- Royal coat of arms of the United Kingdom

Justice of the High Court
- Incumbent
- Assumed office 30 September 2024
- Appointed by: Charles III

Personal details
- Born: Sonia Ruth Harris 12 September 1974 (age 52) Coventry, UK
- Alma mater: University of Oxford University of British Columbia

= Sonia Harris =

British High Court judge (born 1974)

Dame Sonia Ruth Harris (born 12 September 1974) is a British High Court judge.

==Education==
Harris attended Coventry Blue Coat Church of England School. In 1993, she received a BA degree in jurisprudence from Christ Church, Oxford, graduating with first-class honours.
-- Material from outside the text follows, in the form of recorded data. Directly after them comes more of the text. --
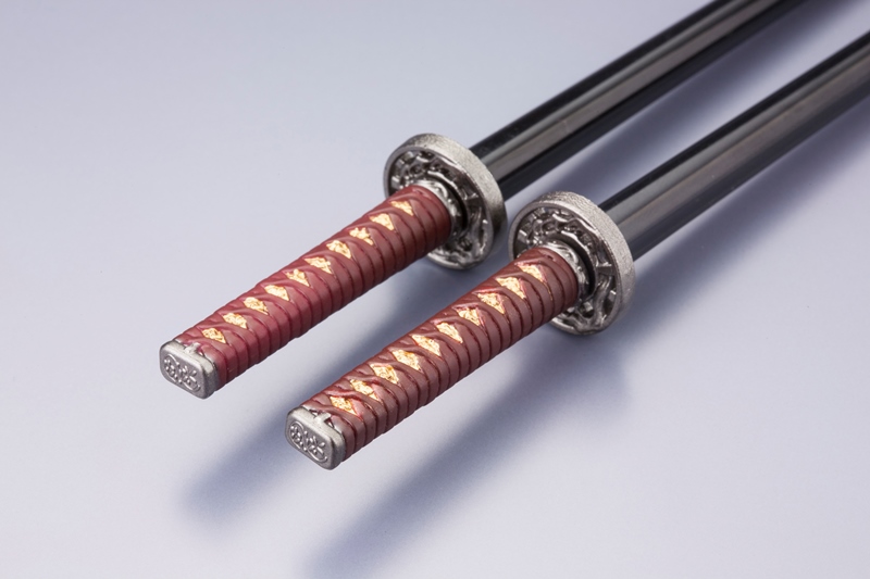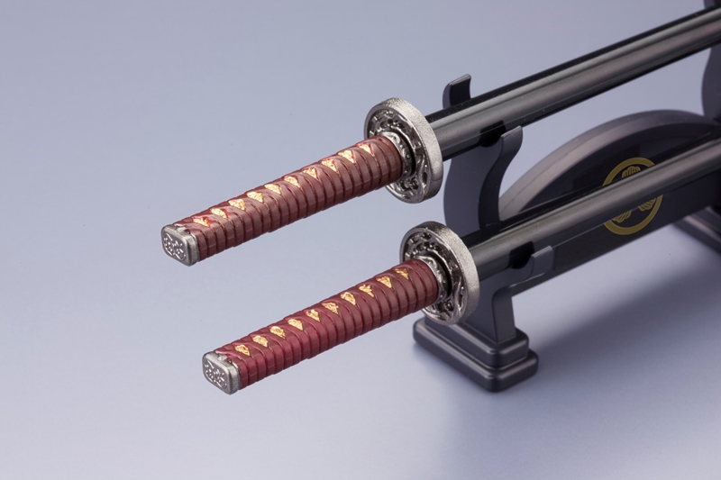 島左近は、愛刀「無銘 大和伝」をモチーフに、鍔などの部分のデザインにこだわり造型。柄部分は「島左近」をイメージしたオリジナルカラーになります。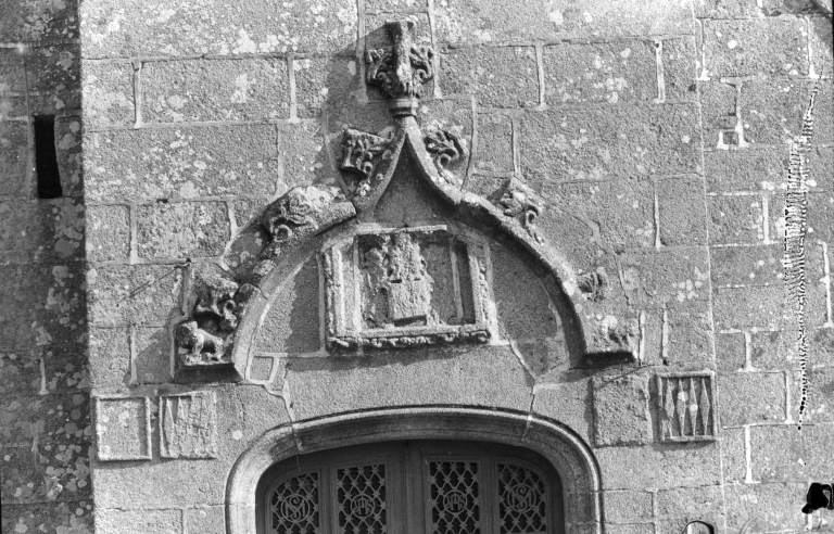 Portail occidental, détail de l'accolade.Immatriculation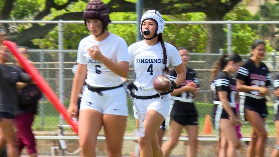 The HHSAA Girls Flag Football Season is in full swing for the ILH teams. Kamehameha and ‘Iolani faced-off on Saturday morning.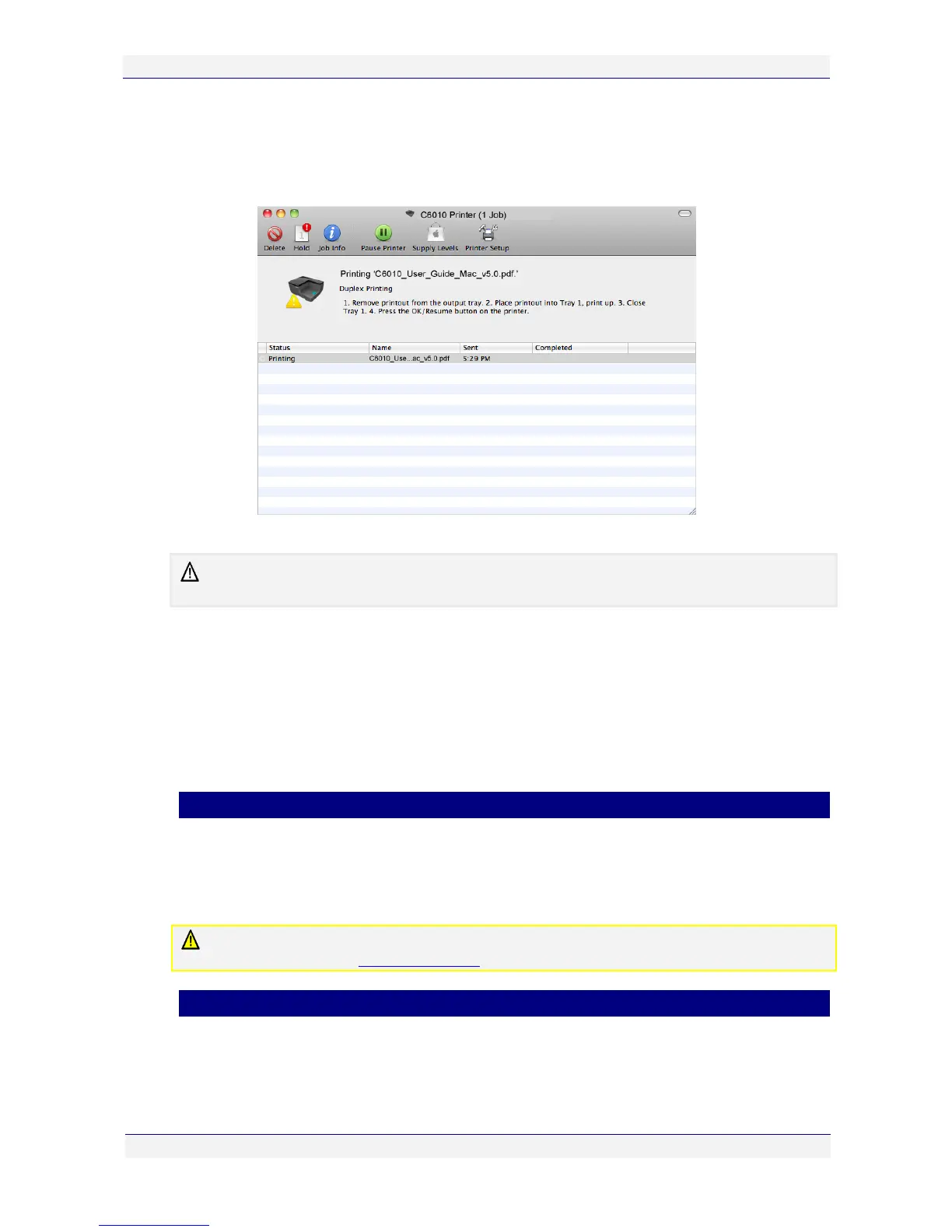 Instructions will be displayed in your printer queue window (see below).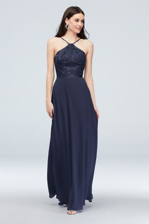 Embroidered floral blooms and leaves adorn the bodice of this Y-neck georgette bridesmaid dress. A grosgrain ribbon encircles the waist to complete the look.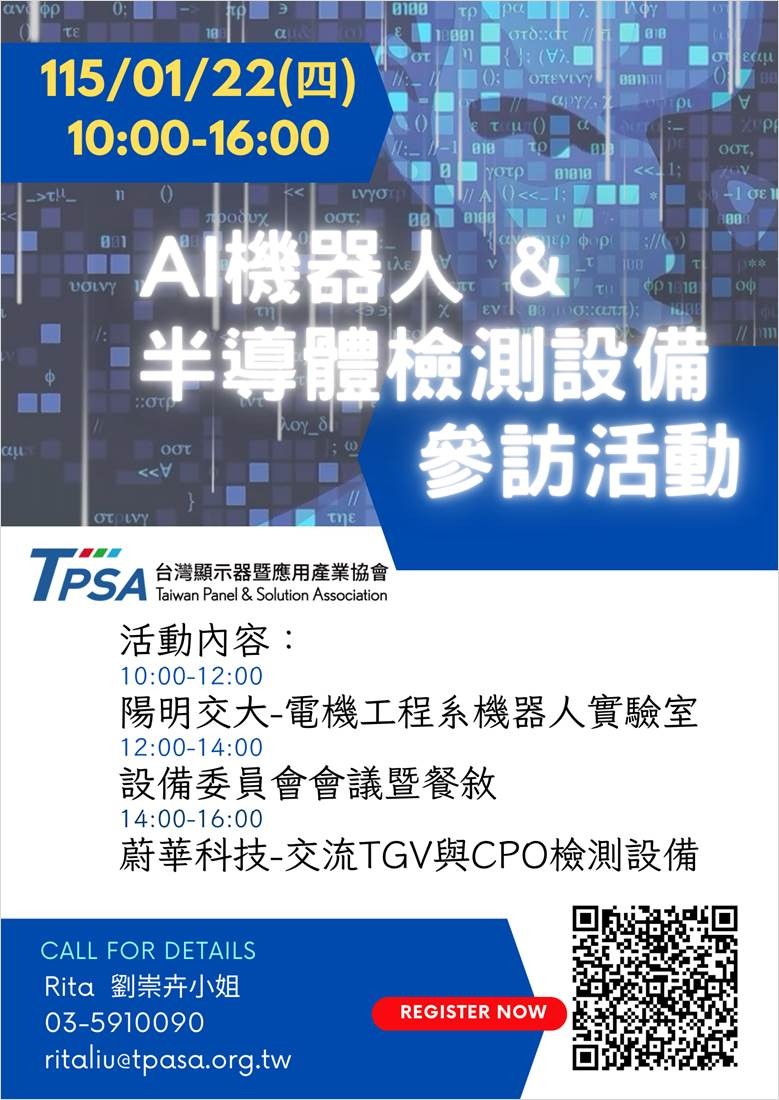 TPSA設備委員會謹訂於115年1月22日(四)辦理的「探索AI機器人與半導體先進檢測設備」參訪交流活動。活動特別安排參訪國立陽明交通大學電機工程學系機器人相關實驗室,以及業界領先的蔚華科技股份有限公司,實地交流TGV(玻璃穿孔)與CPO(矽光子共封裝)相關先進檢測設備。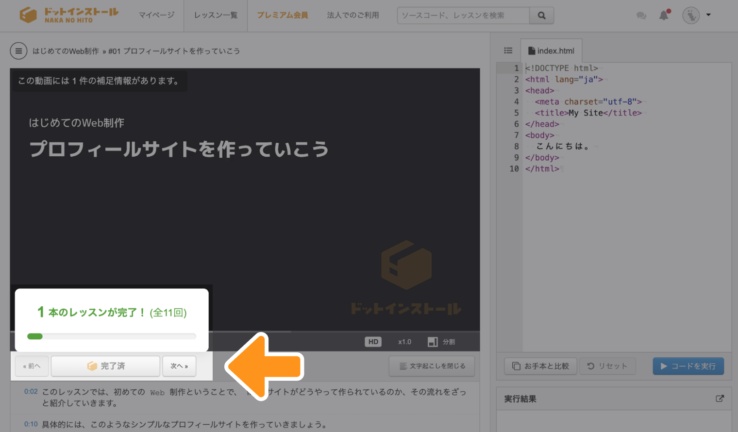 動画を見た後に「完了」ボタンをクリックすると、完了ボタンの上で進捗グラフが進みます(ユーザー登録が必要です)。完了ボタンは以下の場所にあります。

In 2009, she earned an LLM degree at the Peter A. Allard School of Law of the University of British Columbia. Harris had visiting appointments at University of Victoria, Canada, and University of New South Wales, Australia, supported by a British Academy research grant.

==Career==
===Academic===
Harris was called to the bar (Lincoln's Inn) in 1998. From 1999 to 2006, she was a senior lecturer at Durham University. From 2006 to 2014, she was reader and then professor of family law and policy at Birmingham School of Law. Between 2012 and 2014, she was head of the University of Birmingham's Centre for Employability, Professional Legal Education and Research (CEPLER). While at Birmingham, she was an honorary door tenant at St Philips Chambers. In 2008, she became director of the Birmingham Law School LLM programme. Between January and April 2010, she was a visiting scholar at Stockholm University. In 2012, she was appointed special adviser to the House of Lords' Select Committee on Adoption. She is an honorary professor at the University of Birmingham.

===Judge===
In 2010, Harris was appointed a deputy district judge. In 2014, she was appointed a district judge. In 2018, she was appointed as circuit judge and was authorised to sit as a High Court judge in the Family Division. In 2019, she was appointed the designated family judge for Stoke-on-Trent and Staffordshire. In 2024, she was appointed senior circuit judge and designated family judge at Wolverhampton Combined Court Centre.
Harris was on the advisory group of the Children's Rights Judgement. She is a member of the United Kingdom Association of Women Judges and the International Association of Women Judges.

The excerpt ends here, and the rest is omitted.